#### [Records shown]

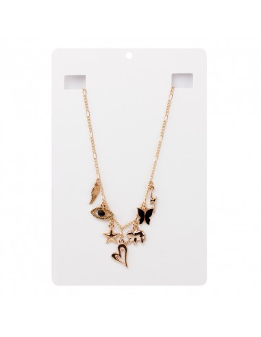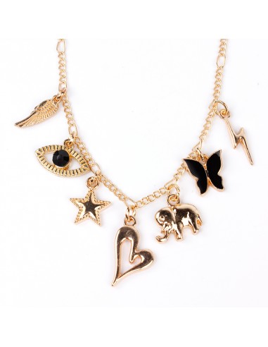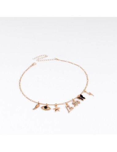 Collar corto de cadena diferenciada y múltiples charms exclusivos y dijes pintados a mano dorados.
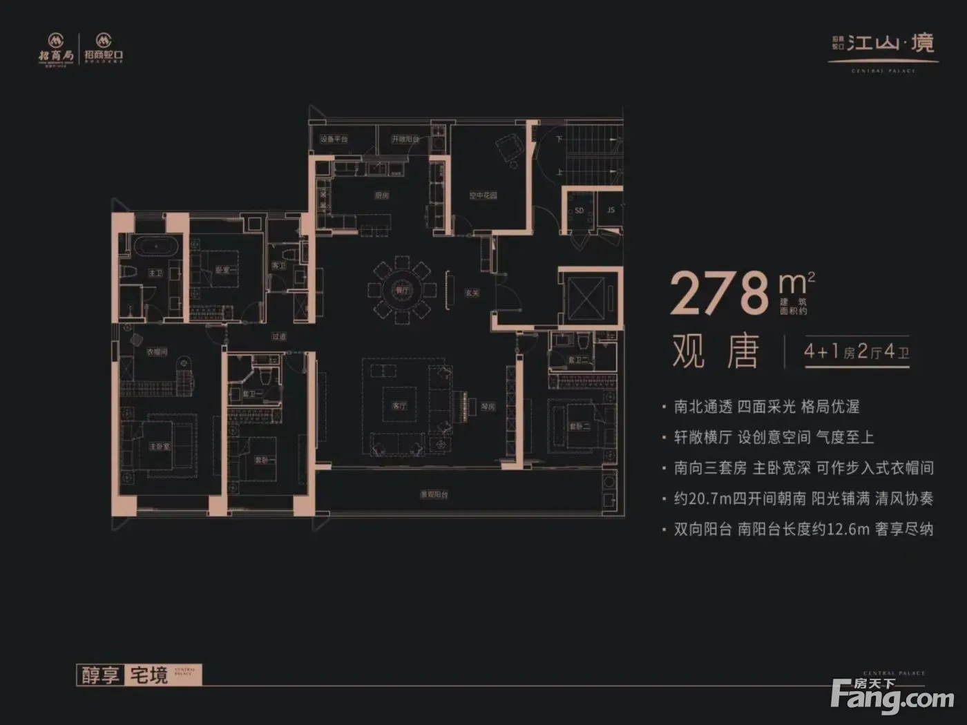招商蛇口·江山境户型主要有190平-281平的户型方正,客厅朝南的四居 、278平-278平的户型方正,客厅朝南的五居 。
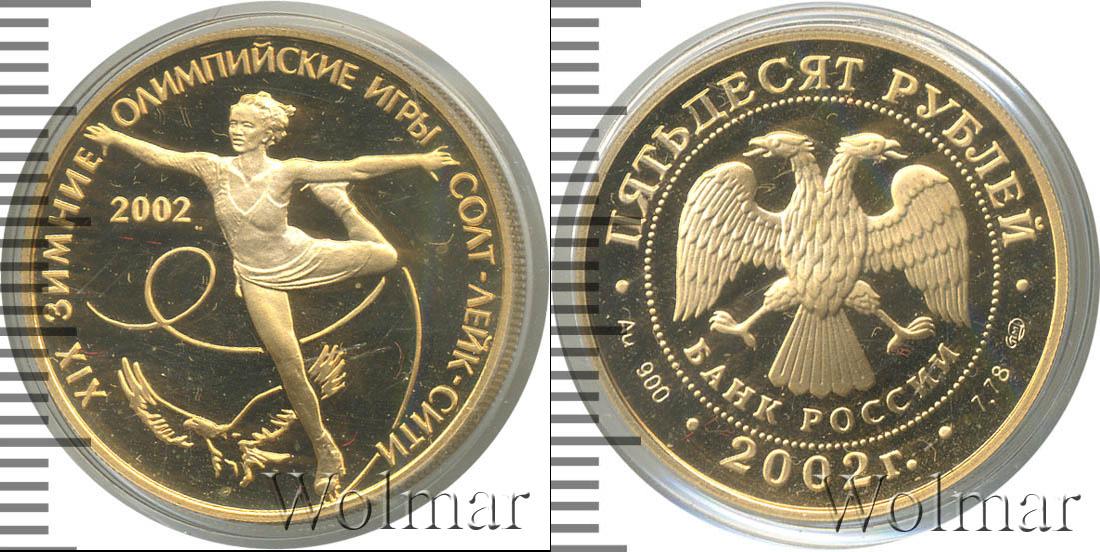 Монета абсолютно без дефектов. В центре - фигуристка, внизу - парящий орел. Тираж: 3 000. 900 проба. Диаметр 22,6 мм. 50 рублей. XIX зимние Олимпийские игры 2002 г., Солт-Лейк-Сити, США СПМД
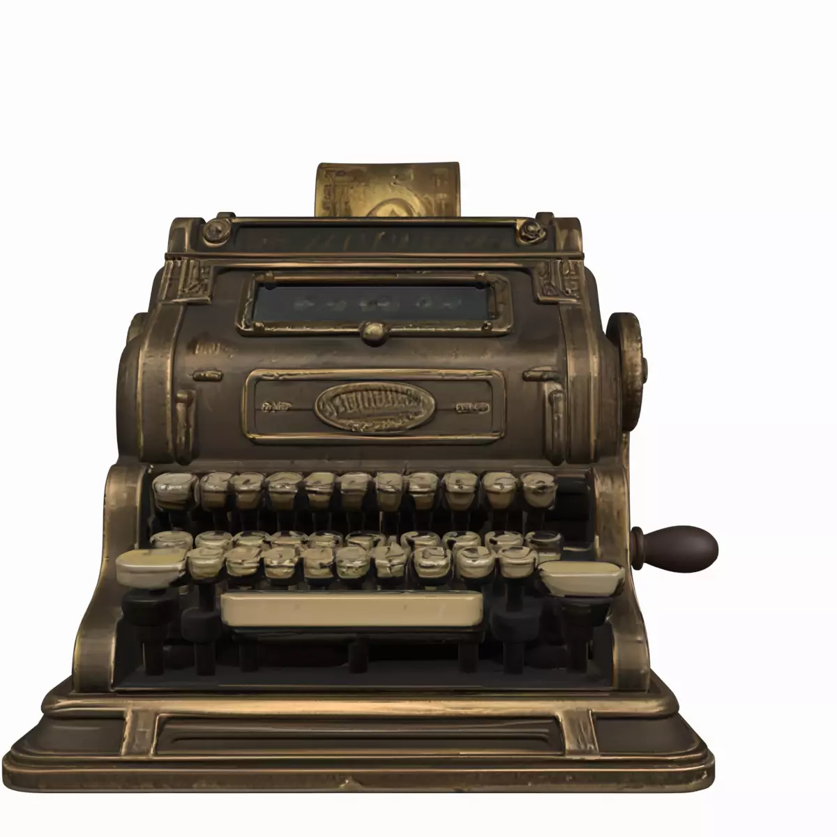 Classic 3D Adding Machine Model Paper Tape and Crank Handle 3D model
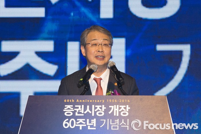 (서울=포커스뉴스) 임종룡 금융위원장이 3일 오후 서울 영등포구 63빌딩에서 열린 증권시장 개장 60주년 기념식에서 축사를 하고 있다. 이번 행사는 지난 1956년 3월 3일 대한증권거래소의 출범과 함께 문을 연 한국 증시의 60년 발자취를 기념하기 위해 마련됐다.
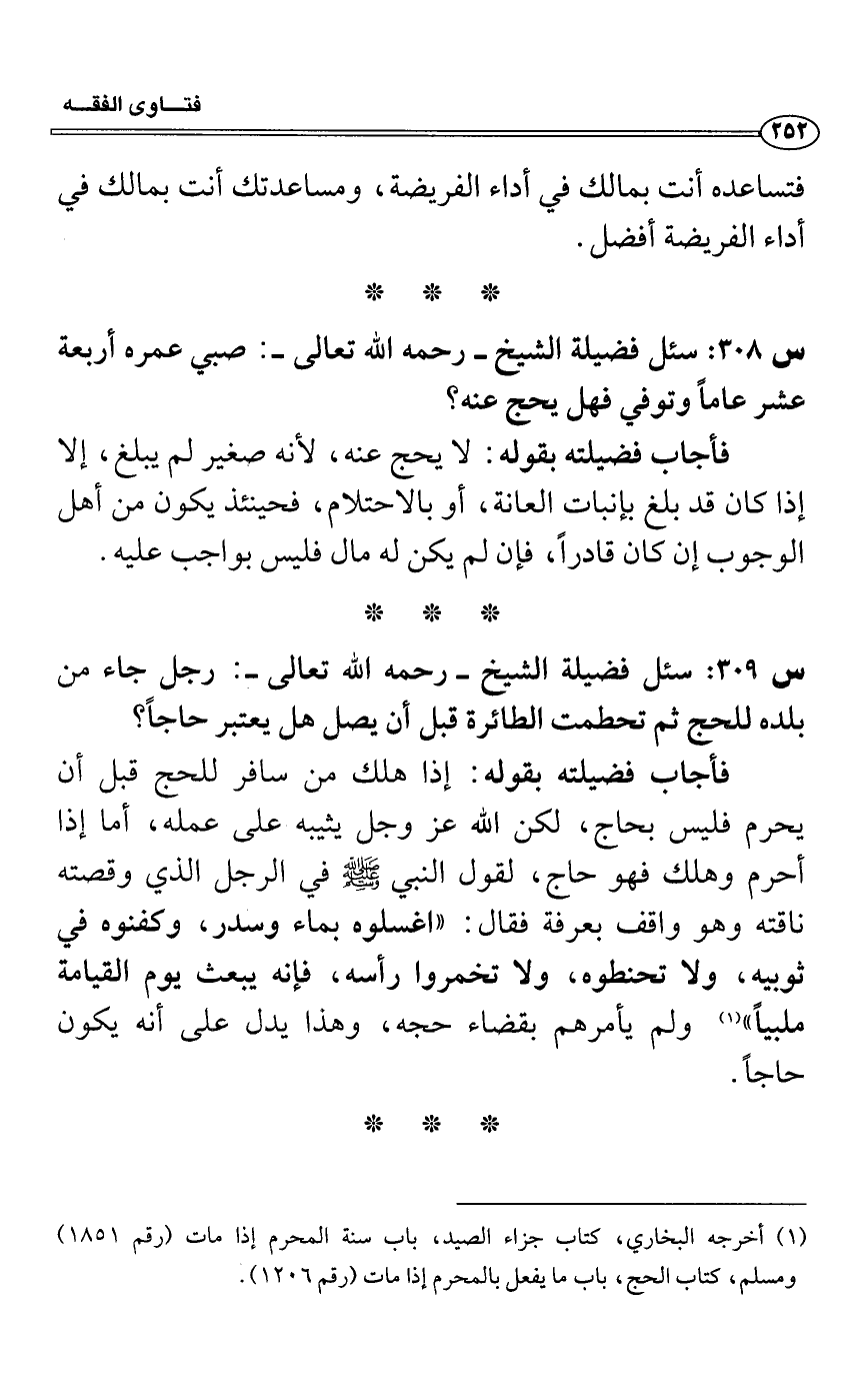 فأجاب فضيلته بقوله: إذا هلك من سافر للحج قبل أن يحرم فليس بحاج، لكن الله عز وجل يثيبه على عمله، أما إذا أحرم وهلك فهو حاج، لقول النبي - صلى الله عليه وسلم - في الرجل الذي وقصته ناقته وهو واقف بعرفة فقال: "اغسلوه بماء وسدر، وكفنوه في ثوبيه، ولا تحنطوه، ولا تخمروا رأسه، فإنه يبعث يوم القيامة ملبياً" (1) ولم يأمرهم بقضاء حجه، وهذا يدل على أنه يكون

#### [Exercise]
Within the entries above, give again exactly the lines starting at the one that contains "Монета абсолютно без" and ending at the one that contains "(서울=포커스뉴스) 임종룡 금융위원장이", leaving out the pictures.

#### [Solution to the problem]
 Монета абсолютно без дефектов. В центре - фигуристка, внизу - парящий орел. Тираж: 3 000. 900 проба. Диаметр 22,6 мм. 50 рублей. XIX зимние Олимпийские игры 2002 г., Солт-Лейк-Сити, США СПМД
 Classic 3D Adding Machine Model Paper Tape and Crank Handle 3D model
 (서울=포커스뉴스) 임종룡 금융위원장이 3일 오후 서울 영등포구 63빌딩에서 열린 증권시장 개장 60주년 기념식에서 축사를 하고 있다. 이번 행사는 지난 1956년 3월 3일 대한증권거래소의 출범과 함께 문을 연 한국 증시의 60년 발자취를 기념하기 위해 마련됐다.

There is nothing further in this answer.